Carotenoids derivatives and polyphenols protect keratinocytes from UV-B induced damage
Glenda Calniquer, Yoav Sharoni, Yossi Levy
Exposure to sun radiation is the main cause of skin damage: erythema (skin inflammation), premature
skin aging, DNA damage, cell death and skin cancer. Sunscreens are used during vacation related sun
exposure to prevent skin damage. However, exposure during vacation accounts only for about 1/3 of
sun exposure within a year. Thus, using oral administration of protective compounds which will
protect skin cells from within can be an additional defending measure. Indeed, human intervention
studies have shown that the mixture of various dietary derived active components protects from UVinduced erythema formation. The goal of this study is to create an in-vitro system that will allow us
to identify specific dietary ingredients that protect the skin from UV-induced damage and to study
their mechanism of action.
We used UVB radiation (wavelength 290-320nm) which has a shorter wavelength than UVA (320400nm), and therefore is absorbed by the outer skin layers (epidermis). Keratinocytes are the most
common type of skin cells in the epidermis and thus, the study will focus on these cells. Previous
studies have shown that reactive oxygen species (ROS) are involved in damage caused by UVB and
antioxidants such as carotenoids and polyphenols protect against UV-induced damage. Previous
studies from our laboratory have shown that effects of carotenoids are mediated by their aldehyde
derivatives. These derivatives can be formed in the body as a result of a spontaneous chemical
cleavage or by enzymatic cleavage. Thus, we will focus on these derivatives.

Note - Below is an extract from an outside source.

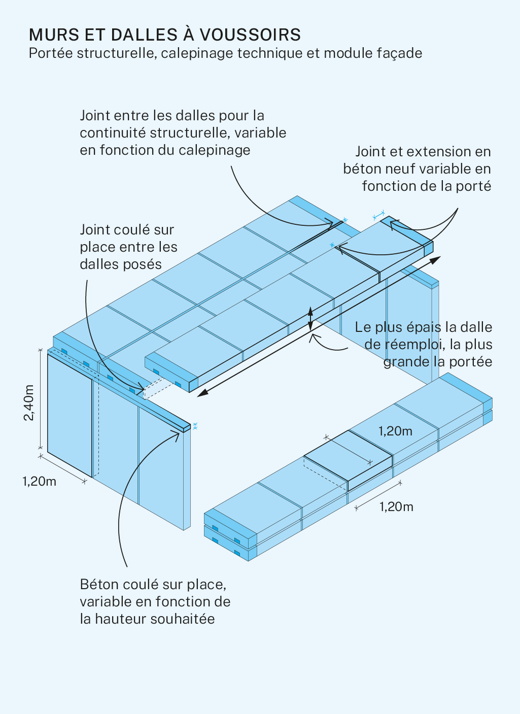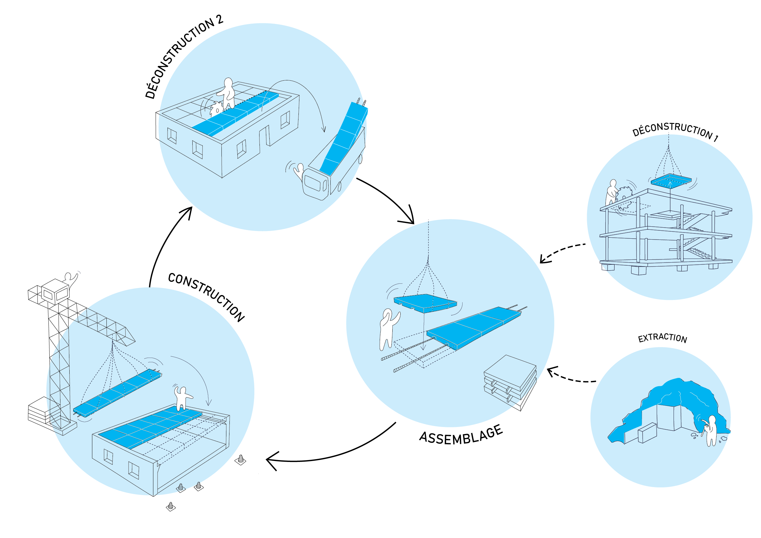 To address the technical and logistical challenges of deconstruction and reuse, the project proposes a standardized system for material extraction and preparation, inspired by proven construction methods. Elements are derived from a 2.4 m × 2.4 m module, shaped with grooves using simple tools such as a road saw and jackhammer, and then assembled and prestressed using standardized techniques. This standardization facilitates reproducibility and industrial scalability in line with circular construction principles.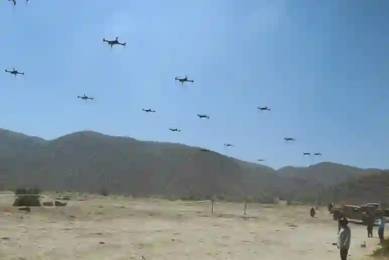 2019 年 5 月 8 日,第 11 装甲骑兵团和威胁系统管理办公室在国家训练中心操作由 40 架无人机组成的蜂群。蜂群行动需要复杂的 C2 来管理各种不同的组件。 图片来源:美国陆军/Pv2 James Newsome

HaCaT cells (human keratinocytes), were irradiated with UVB after overnight incubation with
carotenoids, carotenoid derivatives and polyphenols. UV-induced damage and the possible protection
were analyzed by measuring cell death (reduction in cell number by crystal violet staining) and
activation of apoptosis (PARP and caspase-3 cleavage by Western blotting). Preliminary results show
UV-induced cell death which was reduced by about 40% by treatment with the polyphenol curcumin.
The carotenoid derivatives, diapocarotene-6-14'-dial (6,14’) reduced the UV-induced cleavage of
PARP and caspase-3.
UV radiation is known to activate the NFkB transcription system, which leads to apoptosis.
Inhibition of the TNFα-induced NFkB by carotenoids derivative have been previously shown in our
laboratory and cucrcumin is also known to inhibit this pathway. Thus, we hypothesized that the
inhibition of the NFkB pathway can partially explain the protection from UV-induced apoptosis.
Indeed, UVB induced activation of NFkB transcription system, measured by a reporter gene assay,
was inhibited by the dietary compounds.
Future research will concentrate on exploring whether there is a combination of carotenoids and/or
polyphenols which demonstrate a synergistic activity. This will allow us to use lower concentrations
of the protective ingredients which are closer to the concentrations found in the blood. In addition we
will check whether these ingredients protect also against UVA-induced damage.